═══ Supplied data ═══
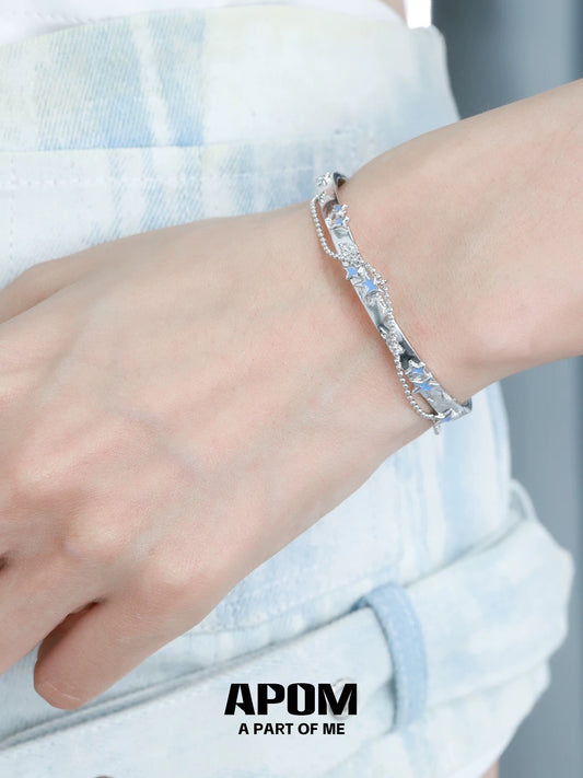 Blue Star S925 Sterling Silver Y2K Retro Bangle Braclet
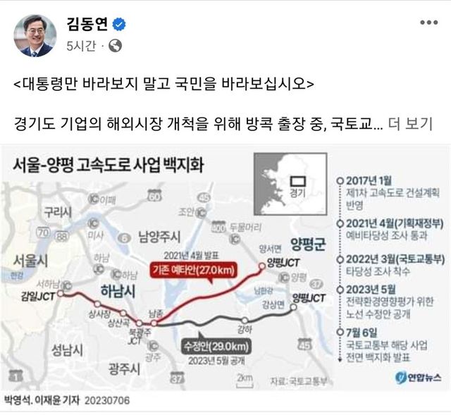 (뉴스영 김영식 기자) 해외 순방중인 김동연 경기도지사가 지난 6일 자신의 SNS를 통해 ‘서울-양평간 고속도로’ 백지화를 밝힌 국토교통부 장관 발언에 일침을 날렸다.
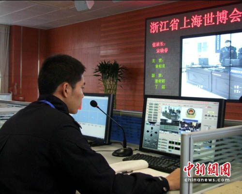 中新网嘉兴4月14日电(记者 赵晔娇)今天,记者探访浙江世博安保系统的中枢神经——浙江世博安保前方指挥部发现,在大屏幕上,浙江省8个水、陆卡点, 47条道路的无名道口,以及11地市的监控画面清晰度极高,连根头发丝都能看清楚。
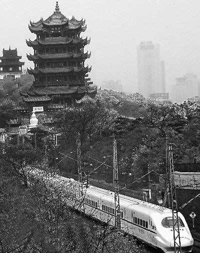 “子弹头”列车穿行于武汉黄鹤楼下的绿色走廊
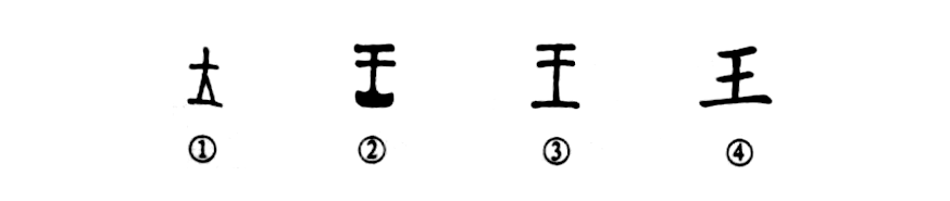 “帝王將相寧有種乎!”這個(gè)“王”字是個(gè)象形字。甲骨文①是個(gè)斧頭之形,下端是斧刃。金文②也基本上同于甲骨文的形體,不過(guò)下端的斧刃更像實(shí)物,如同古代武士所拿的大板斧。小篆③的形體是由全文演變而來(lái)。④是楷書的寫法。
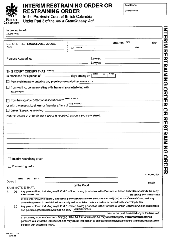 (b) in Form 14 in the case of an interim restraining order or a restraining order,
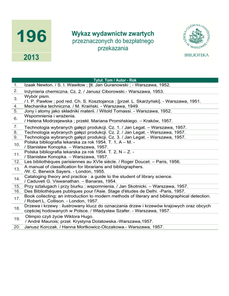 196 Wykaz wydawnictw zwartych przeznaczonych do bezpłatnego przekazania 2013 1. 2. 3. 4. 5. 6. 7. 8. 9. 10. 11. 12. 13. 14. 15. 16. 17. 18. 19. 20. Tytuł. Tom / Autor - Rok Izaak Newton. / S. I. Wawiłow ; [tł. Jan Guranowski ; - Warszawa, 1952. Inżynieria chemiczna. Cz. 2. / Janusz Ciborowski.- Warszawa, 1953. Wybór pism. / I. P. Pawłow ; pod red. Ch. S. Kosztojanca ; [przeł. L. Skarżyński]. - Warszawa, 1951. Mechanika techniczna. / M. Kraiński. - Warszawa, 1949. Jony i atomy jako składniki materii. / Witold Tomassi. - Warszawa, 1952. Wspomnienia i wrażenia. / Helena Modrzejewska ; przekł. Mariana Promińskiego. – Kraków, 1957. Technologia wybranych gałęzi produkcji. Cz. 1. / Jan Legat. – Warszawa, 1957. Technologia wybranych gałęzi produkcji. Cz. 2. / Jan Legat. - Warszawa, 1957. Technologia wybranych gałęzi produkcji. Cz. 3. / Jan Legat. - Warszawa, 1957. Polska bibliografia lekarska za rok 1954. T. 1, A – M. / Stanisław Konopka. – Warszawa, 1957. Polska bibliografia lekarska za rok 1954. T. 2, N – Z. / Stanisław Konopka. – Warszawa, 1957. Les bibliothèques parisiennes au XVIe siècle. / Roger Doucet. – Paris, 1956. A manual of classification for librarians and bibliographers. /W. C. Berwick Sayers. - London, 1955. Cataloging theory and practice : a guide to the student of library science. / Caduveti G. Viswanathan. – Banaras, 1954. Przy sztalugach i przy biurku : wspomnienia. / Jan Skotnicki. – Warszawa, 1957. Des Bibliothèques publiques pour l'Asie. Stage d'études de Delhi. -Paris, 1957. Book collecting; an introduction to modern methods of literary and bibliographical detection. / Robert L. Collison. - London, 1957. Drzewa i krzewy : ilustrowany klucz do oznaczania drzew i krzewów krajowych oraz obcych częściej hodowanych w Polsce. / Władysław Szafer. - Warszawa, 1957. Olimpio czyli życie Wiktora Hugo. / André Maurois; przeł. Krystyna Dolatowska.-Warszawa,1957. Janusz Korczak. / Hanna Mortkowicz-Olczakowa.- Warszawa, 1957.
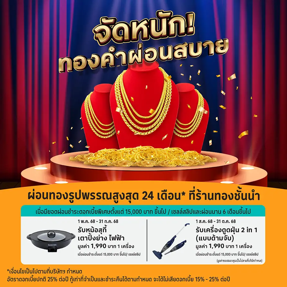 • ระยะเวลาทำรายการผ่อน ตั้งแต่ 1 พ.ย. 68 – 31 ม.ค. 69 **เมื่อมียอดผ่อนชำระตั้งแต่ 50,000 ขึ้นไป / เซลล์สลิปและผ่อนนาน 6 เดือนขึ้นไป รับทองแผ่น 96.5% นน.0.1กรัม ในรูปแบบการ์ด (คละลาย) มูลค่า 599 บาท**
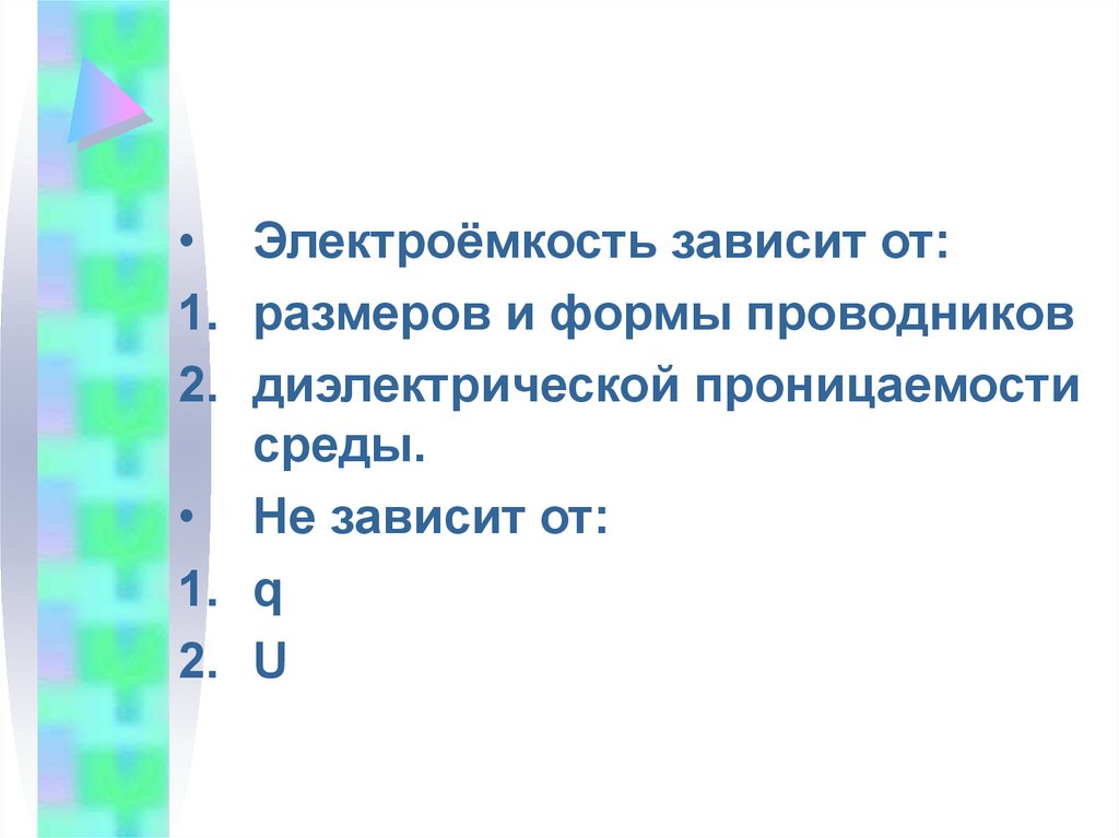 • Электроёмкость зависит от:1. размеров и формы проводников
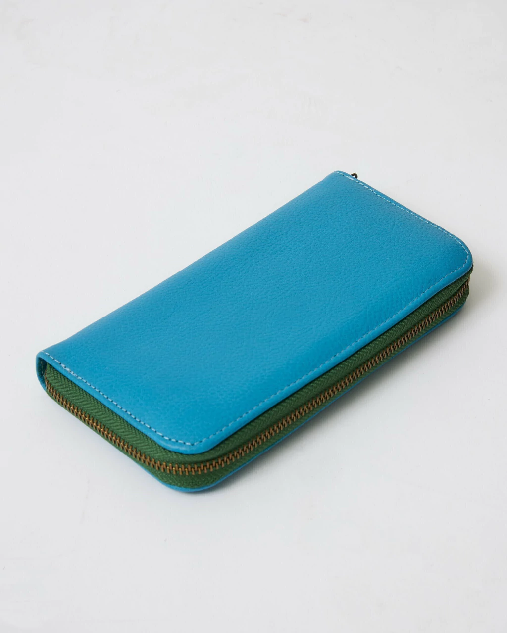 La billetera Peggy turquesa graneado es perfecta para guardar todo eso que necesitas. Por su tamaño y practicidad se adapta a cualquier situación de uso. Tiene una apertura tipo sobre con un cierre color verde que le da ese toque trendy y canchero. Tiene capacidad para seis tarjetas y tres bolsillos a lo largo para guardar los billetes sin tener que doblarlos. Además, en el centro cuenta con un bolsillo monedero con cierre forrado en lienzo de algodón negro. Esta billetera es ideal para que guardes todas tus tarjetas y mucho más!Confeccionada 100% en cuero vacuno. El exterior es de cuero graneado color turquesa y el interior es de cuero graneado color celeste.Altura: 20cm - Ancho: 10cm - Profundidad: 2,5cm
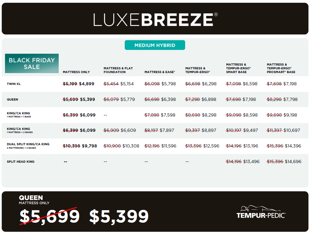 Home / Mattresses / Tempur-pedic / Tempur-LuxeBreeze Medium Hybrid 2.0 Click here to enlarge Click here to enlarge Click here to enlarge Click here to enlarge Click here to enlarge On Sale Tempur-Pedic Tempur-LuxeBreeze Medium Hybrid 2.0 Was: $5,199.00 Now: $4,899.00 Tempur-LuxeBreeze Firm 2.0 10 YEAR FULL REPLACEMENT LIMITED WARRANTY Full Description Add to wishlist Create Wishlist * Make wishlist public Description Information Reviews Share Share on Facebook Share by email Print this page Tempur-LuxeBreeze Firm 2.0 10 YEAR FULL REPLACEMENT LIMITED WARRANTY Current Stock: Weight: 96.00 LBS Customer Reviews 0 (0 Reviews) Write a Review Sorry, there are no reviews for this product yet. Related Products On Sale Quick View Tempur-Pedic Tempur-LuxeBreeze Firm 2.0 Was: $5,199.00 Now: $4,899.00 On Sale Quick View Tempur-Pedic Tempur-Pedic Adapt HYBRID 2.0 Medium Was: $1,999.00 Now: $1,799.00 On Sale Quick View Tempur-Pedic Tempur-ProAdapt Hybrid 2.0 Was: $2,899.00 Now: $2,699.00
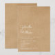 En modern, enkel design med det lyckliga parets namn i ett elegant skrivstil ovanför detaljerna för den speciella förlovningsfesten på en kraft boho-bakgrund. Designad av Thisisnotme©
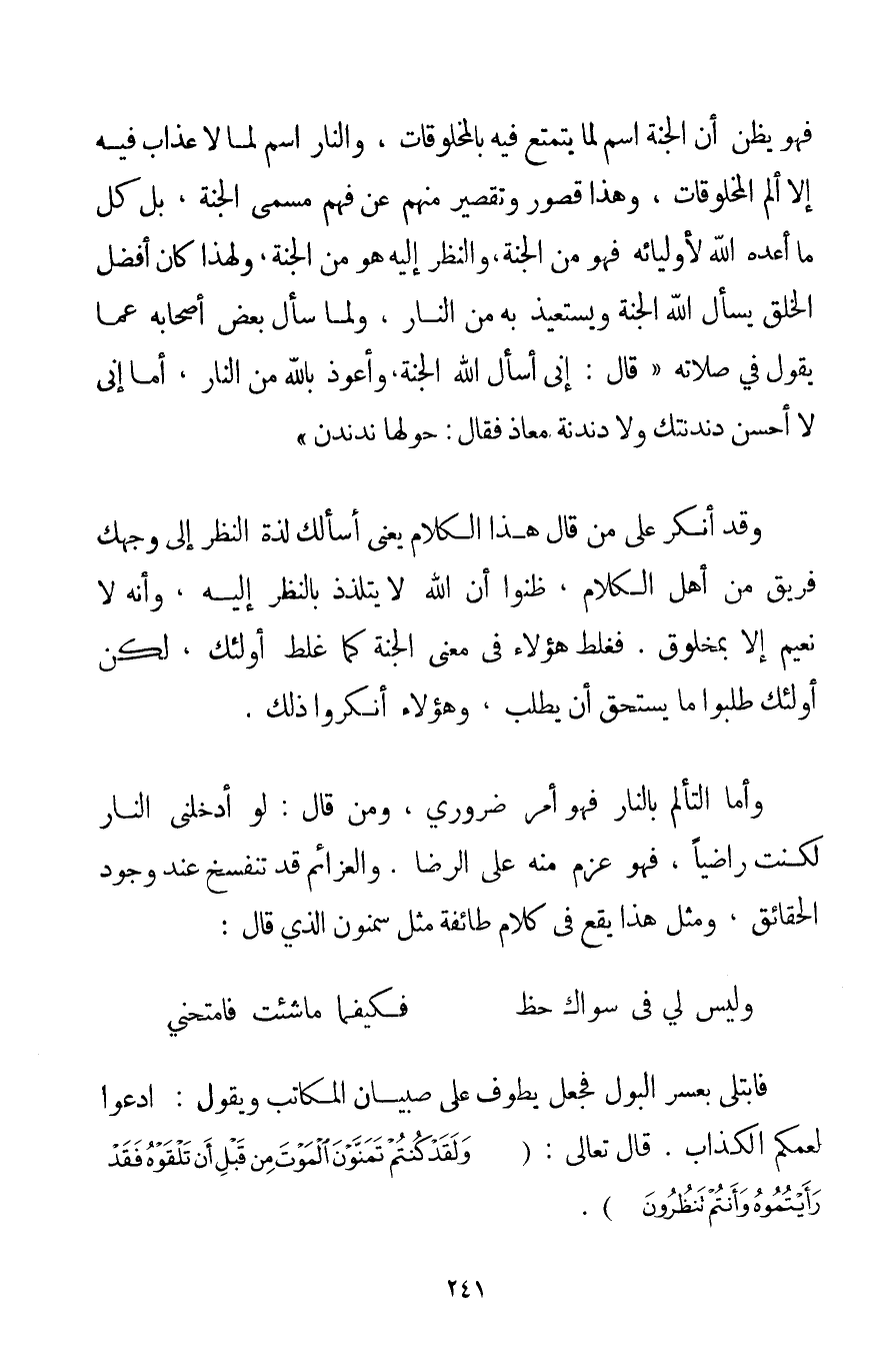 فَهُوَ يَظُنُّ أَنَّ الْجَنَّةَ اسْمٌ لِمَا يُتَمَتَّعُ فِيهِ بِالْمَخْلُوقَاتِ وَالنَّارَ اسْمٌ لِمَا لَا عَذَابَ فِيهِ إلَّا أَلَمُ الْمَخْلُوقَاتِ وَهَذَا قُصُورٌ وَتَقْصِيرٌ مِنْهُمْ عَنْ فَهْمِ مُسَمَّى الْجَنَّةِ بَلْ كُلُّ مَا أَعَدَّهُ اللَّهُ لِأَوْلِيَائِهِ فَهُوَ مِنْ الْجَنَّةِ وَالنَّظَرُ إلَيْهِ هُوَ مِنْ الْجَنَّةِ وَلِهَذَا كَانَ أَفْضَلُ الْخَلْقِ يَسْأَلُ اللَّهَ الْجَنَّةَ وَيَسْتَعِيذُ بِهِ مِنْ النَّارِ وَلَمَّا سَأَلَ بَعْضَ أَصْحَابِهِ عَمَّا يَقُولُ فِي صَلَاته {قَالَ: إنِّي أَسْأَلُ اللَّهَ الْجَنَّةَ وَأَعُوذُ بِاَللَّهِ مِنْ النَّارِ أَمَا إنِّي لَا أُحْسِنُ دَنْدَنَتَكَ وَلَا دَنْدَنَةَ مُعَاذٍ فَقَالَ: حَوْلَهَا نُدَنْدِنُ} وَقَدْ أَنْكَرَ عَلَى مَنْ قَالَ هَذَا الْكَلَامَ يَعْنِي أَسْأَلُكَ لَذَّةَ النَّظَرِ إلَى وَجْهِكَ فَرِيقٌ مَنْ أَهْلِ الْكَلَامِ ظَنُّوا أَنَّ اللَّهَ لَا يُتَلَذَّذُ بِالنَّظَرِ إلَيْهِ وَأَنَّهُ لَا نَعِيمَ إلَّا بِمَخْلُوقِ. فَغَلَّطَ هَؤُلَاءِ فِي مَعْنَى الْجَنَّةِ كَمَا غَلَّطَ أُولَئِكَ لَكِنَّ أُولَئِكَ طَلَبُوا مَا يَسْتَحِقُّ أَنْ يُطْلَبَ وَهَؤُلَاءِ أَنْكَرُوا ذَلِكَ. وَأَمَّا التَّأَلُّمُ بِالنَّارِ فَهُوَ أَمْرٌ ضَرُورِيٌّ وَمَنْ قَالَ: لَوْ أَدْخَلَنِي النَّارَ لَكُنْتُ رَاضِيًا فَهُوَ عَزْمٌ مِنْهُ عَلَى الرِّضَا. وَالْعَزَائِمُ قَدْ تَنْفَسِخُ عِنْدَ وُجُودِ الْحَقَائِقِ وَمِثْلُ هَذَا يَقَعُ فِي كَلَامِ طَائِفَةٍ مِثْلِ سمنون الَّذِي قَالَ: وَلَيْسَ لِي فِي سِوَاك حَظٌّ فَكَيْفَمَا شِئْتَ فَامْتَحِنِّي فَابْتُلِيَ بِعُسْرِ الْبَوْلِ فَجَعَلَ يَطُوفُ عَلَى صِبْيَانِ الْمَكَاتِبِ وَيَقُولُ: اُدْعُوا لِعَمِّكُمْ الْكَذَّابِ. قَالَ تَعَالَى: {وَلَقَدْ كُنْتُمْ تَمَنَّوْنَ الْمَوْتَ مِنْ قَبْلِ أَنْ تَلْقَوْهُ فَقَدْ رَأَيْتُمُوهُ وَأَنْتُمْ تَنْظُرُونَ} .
═══
▶ [What is required]: Your answer must be the lines above from the one holding "(뉴스영 김영식 기자)" up to and including the one holding "(b) in Form", exact and with no pictures.

▶ [Answer space]:
 (뉴스영 김영식 기자) 해외 순방중인 김동연 경기도지사가 지난 6일 자신의 SNS를 통해 ‘서울-양평간 고속도로’ 백지화를 밝힌 국토교통부 장관 발언에 일침을 날렸다.
 中新网嘉兴4月14日电(记者 赵晔娇)今天,记者探访浙江世博安保系统的中枢神经——浙江世博安保前方指挥部发现,在大屏幕上,浙江省8个水、陆卡点, 47条道路的无名道口,以及11地市的监控画面清晰度极高,连根头发丝都能看清楚。
 “子弹头”列车穿行于武汉黄鹤楼下的绿色走廊
 “帝王將相寧有種乎!”這個(gè)“王”字是個(gè)象形字。甲骨文①是個(gè)斧頭之形,下端是斧刃。金文②也基本上同于甲骨文的形體,不過(guò)下端的斧刃更像實(shí)物,如同古代武士所拿的大板斧。小篆③的形體是由全文演變而來(lái)。④是楷書的寫法。
 (b) in Form 14 in the case of an interim restraining order or a restraining order,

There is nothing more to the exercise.